(Records drawn from a dataset)
_ _ _

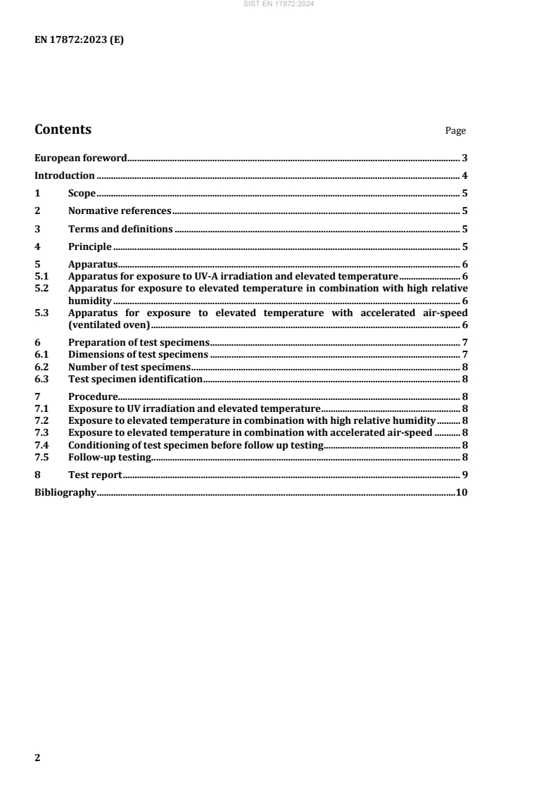 EN 17872:2023 is a standard published by the European Committee for Standardization (CEN). Its full title is "Flexible sheets for waterproofing - Underlays for discontinuous roof coverings - Artificial ageing procedure". This standard covers: This document specifies a procedure for artificial ageing of flexible underlays which are used under discontinuous roof coverings. This is achieved by exposing test samples to UV-radiation, elevated temperature in combination with high relative humidity and elevated temperature in combination with accelerated air-speed.
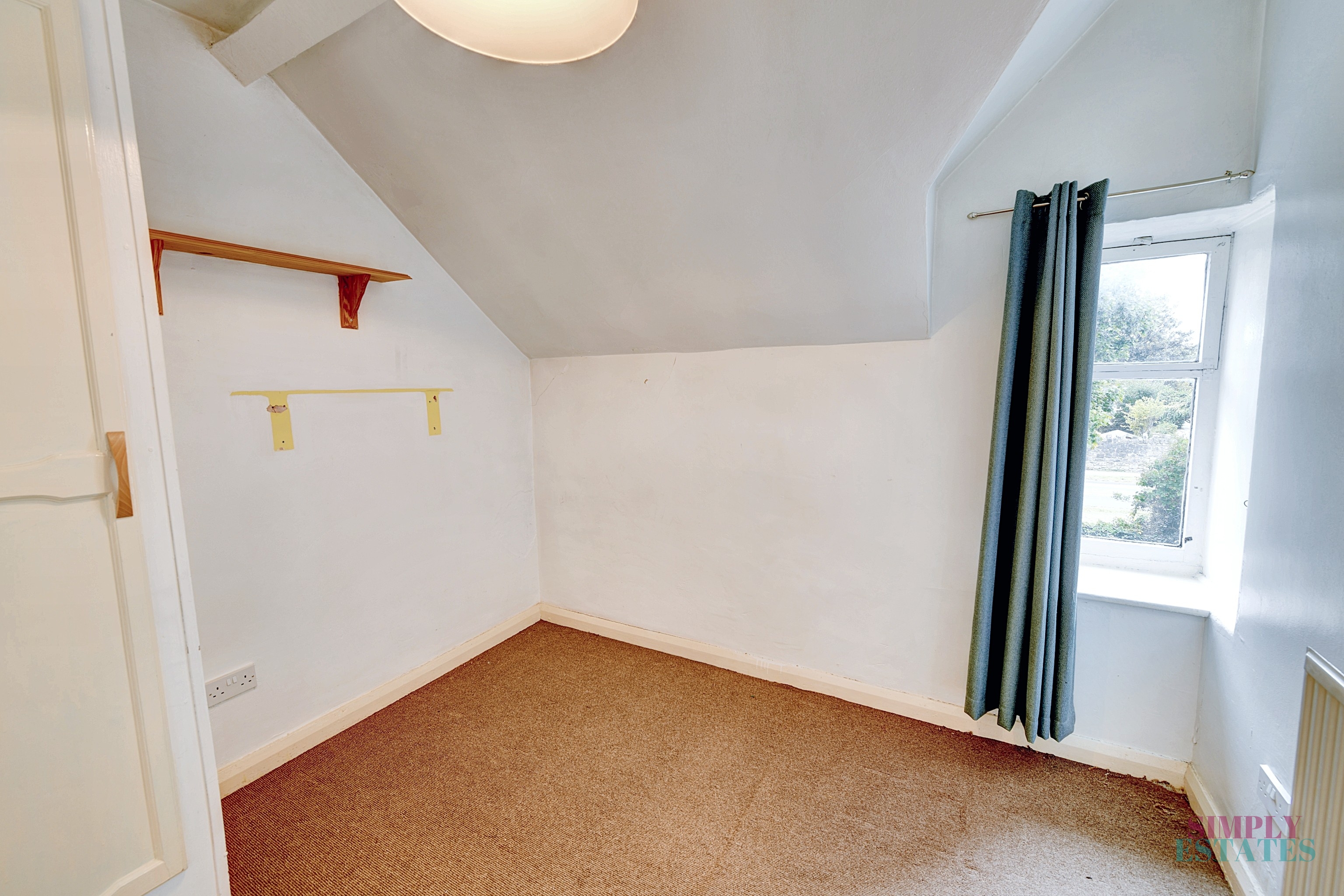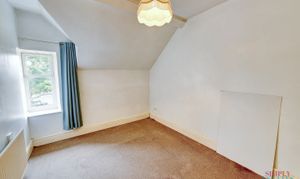 A bright and airy room with sloped ceiling and front-facing window. Offers space for a single bed or small double, ideal as a child’s room, guest space or home office.
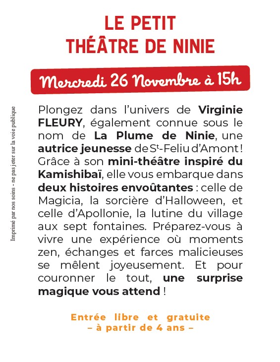 Le mercredi 26 novembre à 15h, à la médiathèque de Saint-Féliu d'amont, La Plume de Ninie vous invite pour des contes envoûtants grâce à son mini-thèâtre inspiré du Kamishibaï : l'histoire de Magicia, la sorcière d'Halloween et celle d'Apollonie, la lutine du village aux sept fontaines.
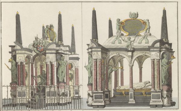 Pieter van den Berge created this print of the equestrian statue of Philip II in the palace garden in Madrid. Note how the composition divides into distinct zones, with the statue and fountain acting as central focal points, set against a backdrop of trees and figures that animate the scene. The artist’s use of color is particularly striking; the gold of the statue and fountain contrasts with the muted greens and grays of the surrounding landscape. This interplay of color and form serves to highlight the statue as a symbol of power. The print’s structure invites us to consider the relationship between art, power, and the public. It suggests a semiotic system where the statue and fountain represent not just aesthetic objects, but also cultural codes of authority and status. The detailed rendering of the statue and fountain, set against the broader landscape, challenges fixed meanings, engaging with new ways of thinking about space and representation.
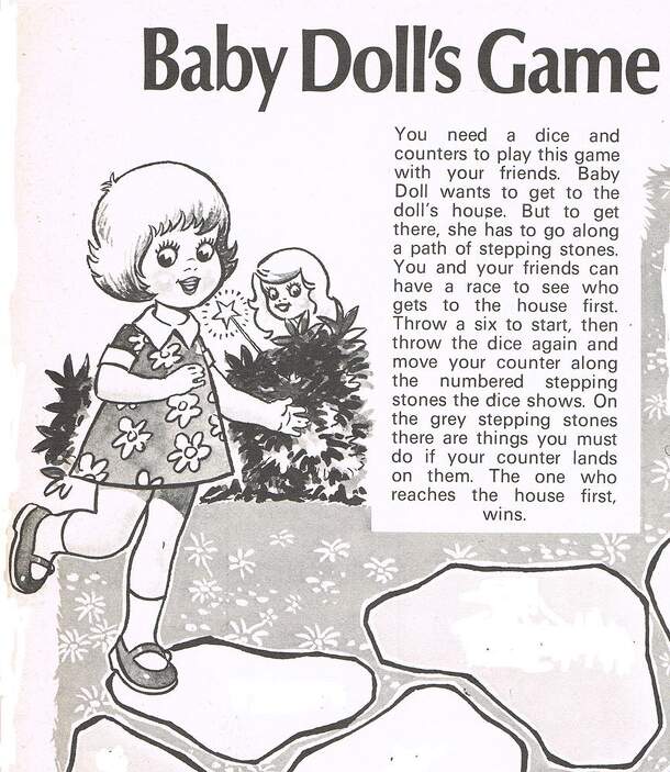 Baby Doll was a comic strip character in Playhour, a favourite comic for the 5's and under. It is a typical Goose-type game and is taken from the 1978 Playhour Annual. Rules You need a dice and counters to play this game with your friends. Baby Doll wants to get to the doll's house. But to get there, she has to go along a path of stepping stones. You and...
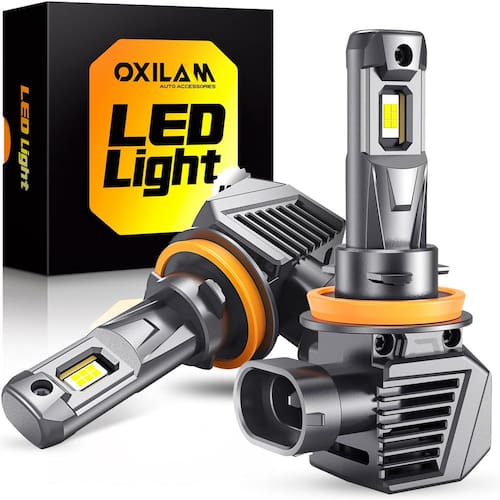- Desempenho super brilhante: as lâmpadas OXILAM H11/H8/H9 apresentam 12 chips de alta qualidade por lâmpada, fornecendo uma impressionante saída de luz de 30.000 lúmens. Esse brilho é surpreendentemente 800% maior do que as lâmpadas halógenas tradicionais, garantindo maior visibilidade para uma condução noturna mais segura
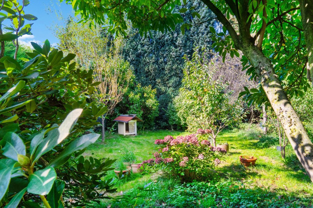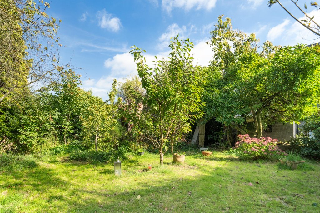 De diepe achtertuin heeft een bosrijk en groen karakter, met volwassen beplanting en veel privacy.
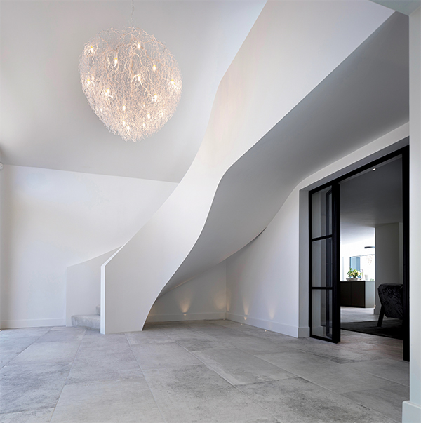 Effective design of such a space marries form and function; the staircase represents the metaphorical spine of the home. Historically accepted as a necessary but aesthetically uninviting feature, modern staircase designs are now architectural and sculptural masterpieces. From more traditional angular constructs, framing hallways with mirrored symmetry, to softer, organic shapes with cascading clean lines.

_ _ _

_How to complete this task_
Nothing may be altered when you restate the records, but every picture must be dropped.

_Output of the task_
 EN 17872:2023 is a standard published by the European Committee for Standardization (CEN). Its full title is "Flexible sheets for waterproofing - Underlays for discontinuous roof coverings - Artificial ageing procedure". This standard covers: This document specifies a procedure for artificial ageing of flexible underlays which are used under discontinuous roof coverings. This is achieved by exposing test samples to UV-radiation, elevated temperature in combination with high relative humidity and elevated temperature in combination with accelerated air-speed.
 A bright and airy room with sloped ceiling and front-facing window. Offers space for a single bed or small double, ideal as a child’s room, guest space or home office.
 Le mercredi 26 novembre à 15h, à la médiathèque de Saint-Féliu d'amont, La Plume de Ninie vous invite pour des contes envoûtants grâce à son mini-thèâtre inspiré du Kamishibaï : l'histoire de Magicia, la sorcière d'Halloween et celle d'Apollonie, la lutine du village aux sept fontaines.
 Pieter van den Berge created this print of the equestrian statue of Philip II in the palace garden in Madrid. Note how the composition divides into distinct zones, with the statue and fountain acting as central focal points, set against a backdrop of trees and figures that animate the scene. The artist’s use of color is particularly striking; the gold of the statue and fountain contrasts with the muted greens and grays of the surrounding landscape. This interplay of color and form serves to highlight the statue as a symbol of power. The print’s structure invites us to consider the relationship between art, power, and the public. It suggests a semiotic system where the statue and fountain represent not just aesthetic objects, but also cultural codes of authority and status. The detailed rendering of the statue and fountain, set against the broader landscape, challenges fixed meanings, engaging with new ways of thinking about space and representation.
 Baby Doll was a comic strip character in Playhour, a favourite comic for the 5's and under. It is a typical Goose-type game and is taken from the 1978 Playhour Annual. Rules You need a dice and counters to play this game with your friends. Baby Doll wants to get to the doll's house. But to get there, she has to go along a path of stepping stones. You and...
- Desempenho super brilhante: as lâmpadas OXILAM H11/H8/H9 apresentam 12 chips de alta qualidade por lâmpada, fornecendo uma impressionante saída de luz de 30.000 lúmens. Esse brilho é surpreendentemente 800% maior do que as lâmpadas halógenas tradicionais, garantindo maior visibilidade para uma condução noturna mais segura
 De diepe achtertuin heeft een bosrijk en groen karakter, met volwassen beplanting en veel privacy.
 Effective design of such a space marries form and function; the staircase represents the metaphorical spine of the home. Historically accepted as a necessary but aesthetically uninviting feature, modern staircase designs are now architectural and sculptural masterpieces. From more traditional angular constructs, framing hallways with mirrored symmetry, to softer, organic shapes with cascading clean lines.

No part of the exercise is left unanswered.